The CDs released by the American Festival of Microtonal Music are produced on a shoestring – liner notes are only available online, and by clicking on the individual cover images at http://www.afmm.org/. The recording quality is not perfect; these are live recordings, and occasional street noises may be heard.

But both solutions are acceptable, particularly when the results are of such interest.

 

Tim Rutherford-Johnson

 

American Festival of Microtonal Music: Gems
Pitch P-200213

 

GEMS is a fine compilation of 'four rare works that simply are so iconoclastic, so original, and so peculiar in the works of the composers, that they fit best together'.

 

Lou Harrison's Canticle No 3 (1941) assembles a delectable collection of rarely heard (and never all together) instruments - all listed on the on-line programme note (click on Read More) - and brought together with a delicacy which eschews sheer volume.

 

Harry Partch's U S Highball introduces Johnny Reinhard (leading light of the Microtonal Music movement) as singing/narrator, with support including kithara, a Partch-designed instrument with 72 strings, and chromelodeon; in these CDs you can be guaranteed some new sounds.

 

Mordecai Sandberg (one-time medical doctor, and peripatetic composer, finally to Toronto) has set the entire Book of Psalms. Psalm 51/2 is a plea for spiritual awakening for soprano and large chamber orchestra. It has singer Dorien Verheijden rather overwhelmed by the microtonal band - so you'd better get out your copy to follow the Biblical text...

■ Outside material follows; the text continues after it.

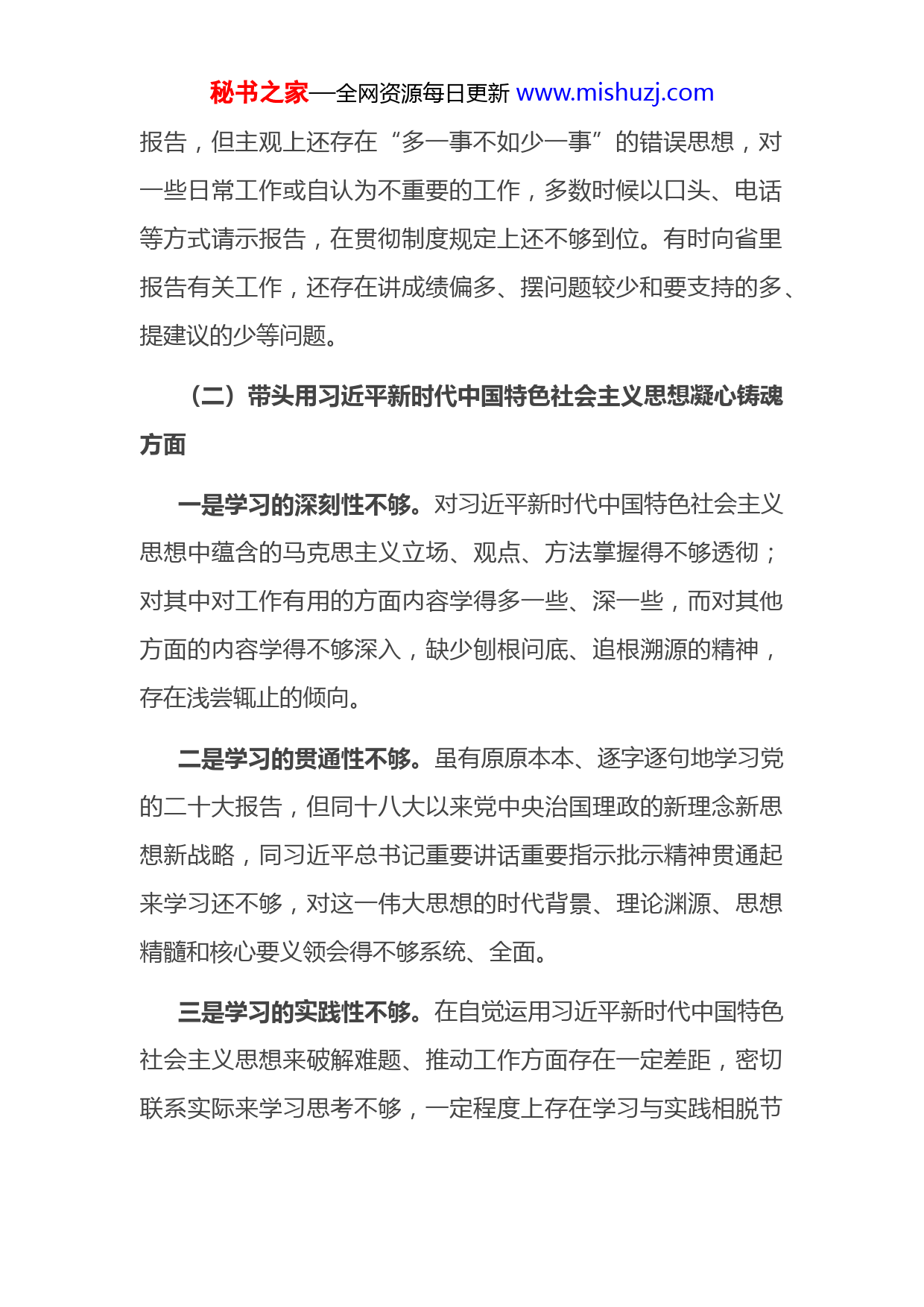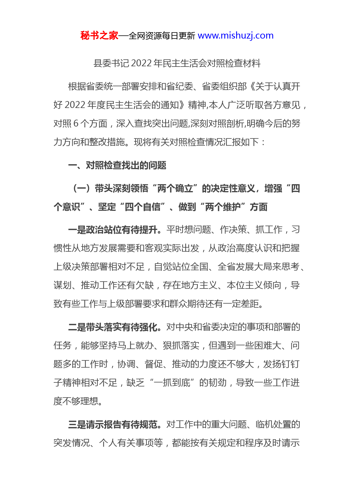 秘书之家—全网资源每日更新www.mishuzj.com县委书记2022年民主生活会对照检查材料根据省委统一部署安排和省纪委、省委组织部《关于认真开好2022年度民主生活会的通知》精神,本人广泛听取各方意见,对照6个方面,深入查找突出问题,深刻对照剖析,明确今后的努力方向和整改措施。现将有关对照检查情况汇报如下:一、对照检查找出的问题(一)带头深刻领悟“两个确立”的决定性意义,增强“四个意识”、坚定“四个自信”、做到“两个维护”方面一是政治站位有待提升。平时想问题、作决策、抓工作,习惯性从地方发展需要和客观实际出发,从政治高度认识和把握上级决策部署相对不足,自觉站位全国、全省发展大局来思考、谋划、推动工作还有欠缺,存在地方主义、本位主义倾向,导致有些工作与上级部署要求和群众期待还有一定差距。二是带头落实有待强化。对中央和省委决定的事项和部署的任务,能够坚持马上就办、狠抓落实,但遇到一些困难大、问题多的工作时,协调、督促、推动的力度还不够大,发扬钉钉子精神相对不足,缺乏“一抓到底”的韧劲,导致一些工作进度不够理想。三是请示报告有待规范。对工作中的重大问题、临机处置的突发情况、个人有关事项等,都能按有关规定和程序及时请示秘书之家—全网资源每日更新www.mishuzj.com报告,但主观上还存在“多一事不如少一事”的错误思想,对一些日常工作或自认为不重要的工作,多数时候以口头、电话等方式请示报告,在贯彻制度规定上还不够到位。有时向省里报告有关工作,还存在讲成绩偏多、摆问题较少和要支持的多、提建议的少等问题。(二)带头用习近平新时代中国特色社会主义思想凝心铸魂方面一是学习的深刻性不够。对习近平新时代中国特色社会主义思想中蕴含的马克思主义立场、观点、方法掌握得不够透彻;对其中对工作有用的方面内容学得多一些、深一些,而对其他方面的内容学得不够深入,缺少刨根问底、追根溯源的精神,存在浅尝辄止的倾向。二是学习的贯通性不够。虽有原原本本、逐字逐句地学习党的二十大报告,但同十八大以来党中央治国理政的新理念新思想新战略,同习近平总书记重要讲话重要指示批示精神贯通起来学习还不够,对这一伟大思想的时代背景、理论渊源、思想精髓和核心要义领会得不够系统、全面。三是学习的实践性不够。在自觉运用习近平新时代中国特色社会主义思想来破解难题、推动工作方面存在一定差距,密切联系实际来学习思考不够,一定程度上存在学习与实践相脱节秘书之家—全网资源每日更新www.mishuzj.com的问题。比如,对如何立足高质量发展,按照新时代党的建设总要求来选干部、配班子思考得不够深入、衔接得不够紧密。(三)带头坚持和加强党的全面领导方面一是意识形态工作领导权掌握的不够牢。对意识形态领域的复杂斗争缺乏深刻认识,落实意识形态工作领导责任的自觉性不够高,驾驭意识形态领域复杂局面的能力不够强,抓意识形态工作的思考研判不够系统全面,督促各级党委(党组)落实“四个亲自”不够到位,严格落实意识形态工作责任“一岗双责”方面力度不够。比如,在坚守意识形态主阵地、不断强化舆论引导能力,做社会主义核心价值观的引领者、传播者、践行者、推动者方面做得不够,基层宣传文化阵地作用发挥不充分,活动主题不够突出,活动效果不尽如人意。二是履行主体责任需强化。作为全面从严治党“第一责任人”,虽然能够身体力行践行“四个亲自”,但在抓常抓细、抓早抓小上探索创新不足。平常对市直部门自觉承担主体责任、领导干部履行“一岗双责”要求不够严格,落实监督执纪“四种形态”不够有力,压力传导不够,没有真正做到经常性地“咬耳朵”“扯袖子”,让“红红脸、出出汗”成为常态。三是民主集中制不够充分。有时一些重大决策虽然注意征求各方面的意见建议,但征求范围还不够广泛,形式也不够灵活,秘书之家—全网资源每日更新www.mishuzj.com民主集中制有时落实不够到位。比如,在一些重大民生项目规划建设上,群众的知情权、参与度不够。(四)带头坚持以人民为中心的发展思想,推动改革发展稳定方面一是服务群众不主动。坐等上门多、主动问需少,特别是在联系挂点县、乡、村,对弱势群众往往是重要节日、活动期间送温暖偏多,平时主动帮助解决实质性问题较少。在接访时了解群众诉求后就批示转给有关部门解决,亲自协调、督促落实的少,特别是对信访积案,缺乏有效解决办法。二是为民务实意识有待提升。虽然能坚持定期深入基层一线走访调研,但工作调研、督查落实的多,现场办公协调解决具体问题的少,而且走的线路、看的点,多数是根据工作需要事先进行对接安排,存在一定形式主义,多是指导督促工作落实,真正沉下身子体察民情、解决民生短板的还不够。三是宗旨意识有所淡化。对基层情况掌握不透彻、对群众呼声听得不真切,脱离基层群众的倾向还不同程度地存在。比如,对整治民生问题化解工作重视不够,尤其是基层群众密切关注的征地拆迁、乡村振兴等重点领域问题整治成效不明显。(五)带头发扬斗争精神,防范化解风险挑战方面秘书之家—全网资源每日更新www.mishuzj.com一是斗争精神不强。面对发展任务繁重的形势,对新常态不适应,总觉得工作不好做,

Reinhard conducts his own piece for 2 sopranos (dangerous !) and ensemble including "regularly polymicrotonal" harpsichord also needs a text if it is meant to be intelligible; but there's plenty else to keep you engaged.

 

Another from the series welcomed above; a future American Festival of Microtonal Music is to be hoped for, and it would be good to have sponsors to bring Reinhard's core team of enthusiasts across the Ocean to UK & Europe where they'd have a lot to offer.